Type: <class 'numpy.ndarray'>
dtype: float64
Shape: (400, 600)
Max Pixel Value: 1.0
Min Pixel Value: 0.0

In this case we are going to create a new mask image, that corresponds to the coffee_gray image (has the same shape), but where we will create the mask values with a mathematical formula using the row and column indices. In fact we’ll do this to create a circular mask. Bear with us, all should be come clear as we go.

# Unpack and store the number of rows and number of columns.
dim_0, dim_1 = coffee_gray.shape
dim_0, dim_1

(400, 600)

We are going to create a circular mask, using the formula for a circle.

That formula needs the i (row) and j coordinates for each pixel, the center coordinate of the circle, and the radius r of the desired circle.

Call the row and column center coordinates \(c_i, c_j\) respectively.

We can tell if a particular pixel at (i, j) is outside the circle by testing whether the Euclidean distance of the pixel position (i, j) from the center is greater than \(r\).

\[ \sqrt{(i - c_i)^2 + (j - c_j)^2} > r \]

First we use the Numpy meshgrid function to return two arrays, one containing all the i (row) coordinates at each pixel, and another containing all the j (column) coordinates at each pixel.

# indexing='ij' tells meshgrid to return `i` and `j` coordinates.  There are other modes, not relevant here.
i_coords, j_coords = np.meshgrid(np.arange(dim_0), np.arange(dim_1), indexing='ij')
# i coordinate for each element.
i_coords

array([[  0,   0,   0, ...,   0,   0,   0],
       [  1,   1,   1, ...,   1,   1,   1],
       [  2,   2,   2, ...,   2,   2,   2],
       ...,
       [397, 397, 397, ..., 397, 397, 397],
       [398, 398, 398, ..., 398, 398, 398],
       [399, 399, 399, ..., 399, 399, 399]], shape=(400, 600))

# j coordinate for each element.
j_coords

array([[  0,   1,   2, ..., 597, 598, 599],
       [  0,   1,   2, ..., 597, 598, 599],
       [  0,   1,   2, ..., 597, 598, 599],
       ...,
       [  0,   1,   2, ..., 597, 598, 599],
       [  0,   1,   2, ..., 597, 598, 599],
       [  0,   1,   2, ..., 597, 598, 599]], shape=(400, 600))

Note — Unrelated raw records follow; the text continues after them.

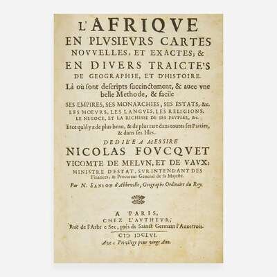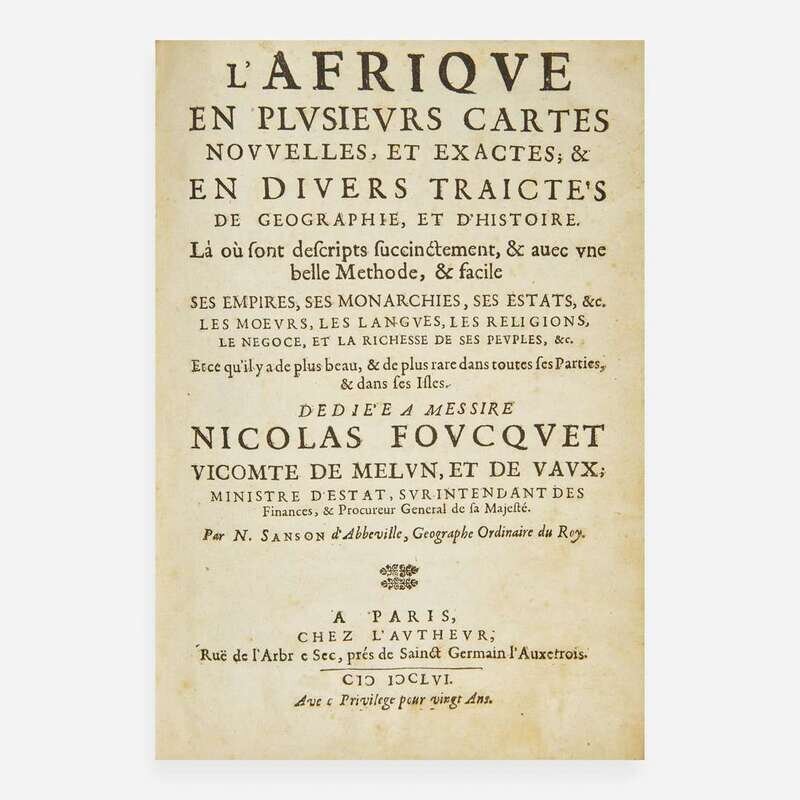 Paris: Chez L'Autheur, 1656. First edition. 4to. Unpaginated. Illustrated with 18 engraved double-page maps, each with hand-colored outlining. Contemporary brown mottled calf, rebacked with portions of original spine laid down, boards and extremities rubbed; all edges trimmed; foxing to prelims and scattered in text; scattered toning to text; interleaved with blanks sheets, with manuscript on leaf following fourth map. From the library of British collector Humphrey Winterton, and with his book-plate on front paste-down; in full brown niger solander box; by G.M. A handsome first edition of Nicholas Sanson d'Abbeville's atlas of Africa. Considered one of the best atlases of the continent published in the 17th century, and containing 18 maps of Africa’s various regions. This work was the third book in Sanson's series of four atlases of the continents of the world, the others being on America, Europe, and Asia, and published between 1648-57.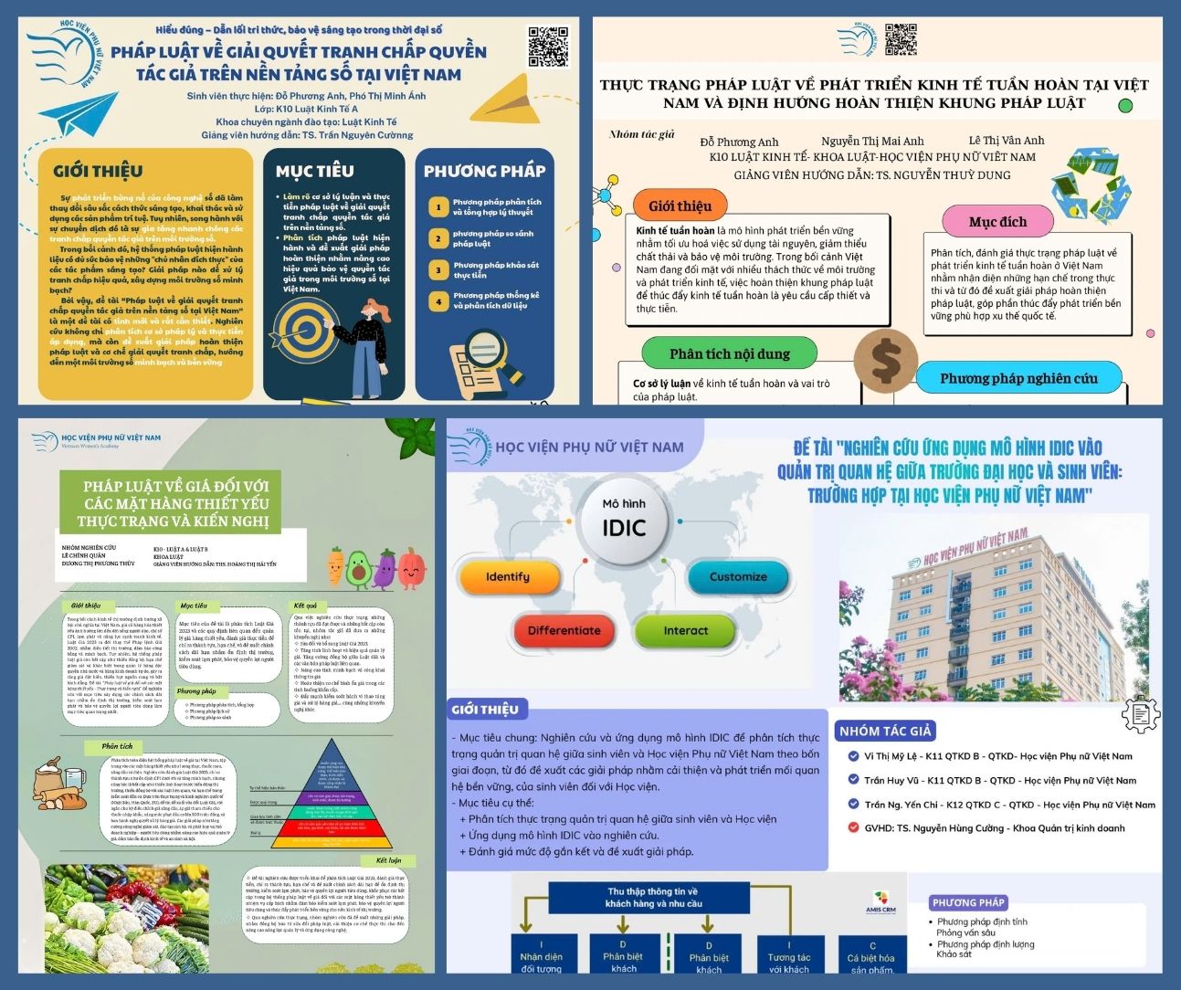 Trên hành trình khẳng định thương hiệu đào tạo gắn với thực tiễn và năng lực nghiên cứu, Học viện Phụ nữ Việt Nam đã và đang xây dựng một môi trường học thuật cởi mở, nơi sinh viên được khuyến khích dấn thân vào các dự án nghiên cứu ngay từ những năm đầu đại học. Năm học 2024–2025 ghi nhận sự tham gia mạnh mẽ của sinh viên đến từ tất cả các ngành học.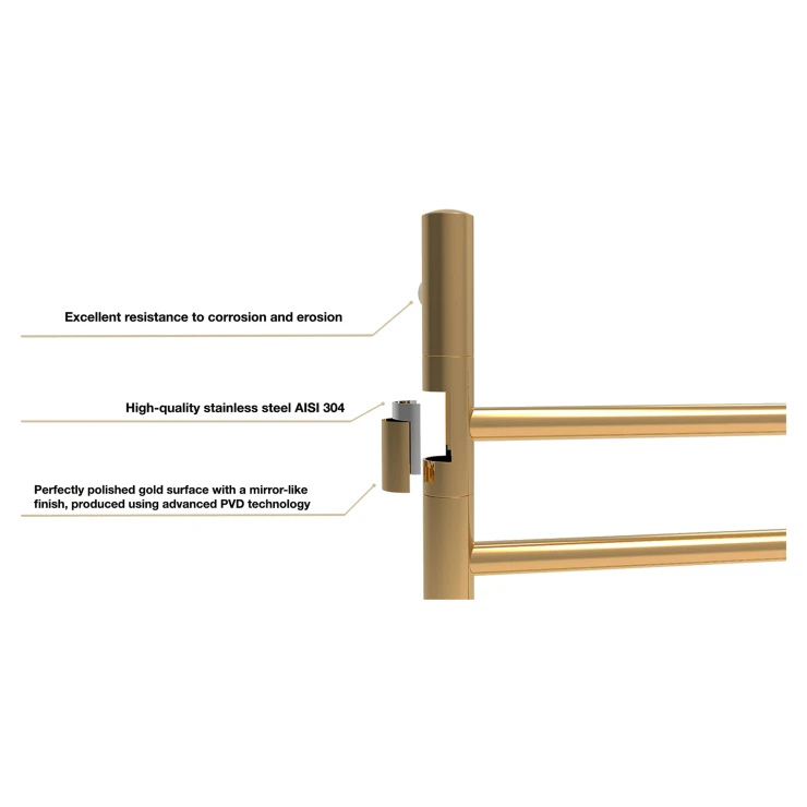 Denne elektriske håndklædetørrer er designet til høj komfort og nem anvendelse. Den kan tilsluttes hvor som helst, der er adgang til strøm. Takket være et tørt internt varmesystem kræves ingen væsker – det er bare at tilslutte og begynde at bruge. Håndklædetørreren varmes hurtigt op og når sin maksimale temperatur inden for få minutter.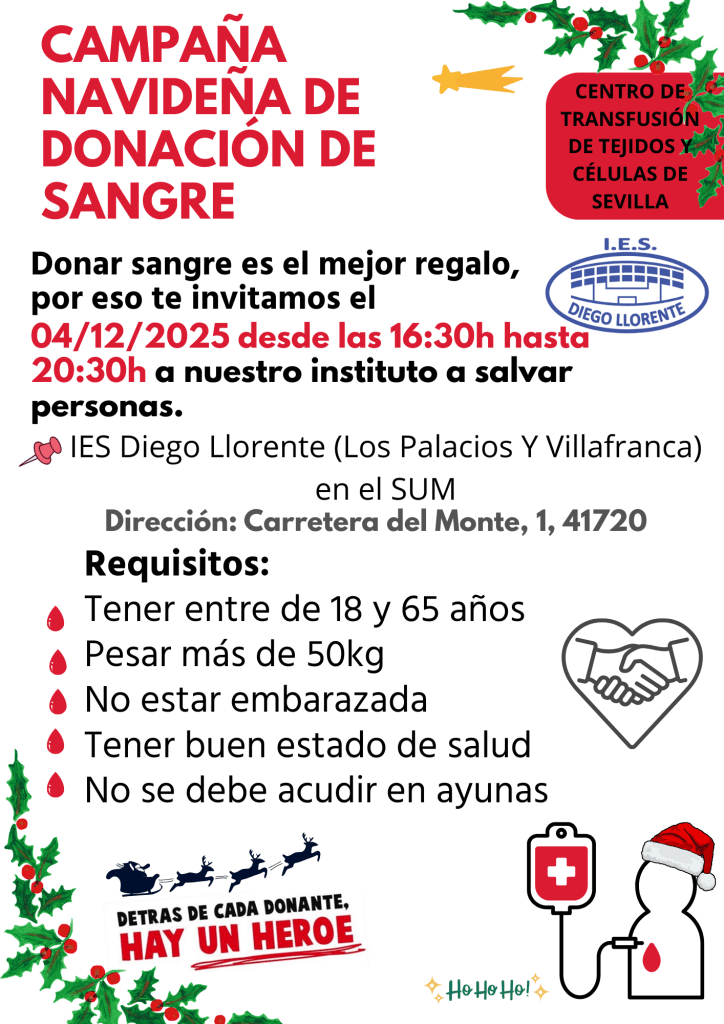 A poco menos de un mes para la llegada de las vacaciones navideñas, el I.E.S. Maestro Diego Llorente quiere contribuir al mejor regalo posible: una gota de vida. Así, gracias al Centro de Transfusión de Tejidos y Células de Sevilla, hemos organizado una campaña de donación de sangre, que se llevará a cabo el 4 de diciembre, de 16:30h a 20:30h, en nuestra Sala de Usos Múltiples (SUM). Es importante recordar que toda persona que desee donar debe tener entre 18 y 65 años de edad, pesar más de 50kg y no estar embarazada.

# The coordinate of the image center in pixels.  Remember that pixel indices
# start at 0.
c_i, c_j = (dim_0 - 1) / 2, (dim_1 - 1) / 2
# Radius
r = 275

We can then use the formula above to generate a 2D array where True (== 1) means outside the circle and False (== 0) means inside the circle.

# Create a circular mask.
mask = np.sqrt((i_coords - c_i) ** 2 + (j_coords - c_j) ** 2) > r
show_attributes(mask)
plt.imshow(mask);

Type: <class 'numpy.ndarray'>
dtype: bool
Shape: (400, 600)
Max Pixel Value: True
Min Pixel Value: False

Once we have our mask - which is just a Boolean array - it is just a matter of Boolean indexing to set all the pixel values in the image to the same value, where there is a True in the corresponding element in the mask:

# Apply the mask.
coffee_gray_masked = coffee_gray.copy()
coffee_gray_masked[mask] = 0

plt.matshow(coffee_gray_masked);

Exercise 16

Start with the camera image:

camera = ski.data.camera()
plt.imshow(camera);

Now consider this formula, where \(p\) is some constant:

\[ ((i - c_i)^3 + (j - c_j)^3)^{1/3} > p \]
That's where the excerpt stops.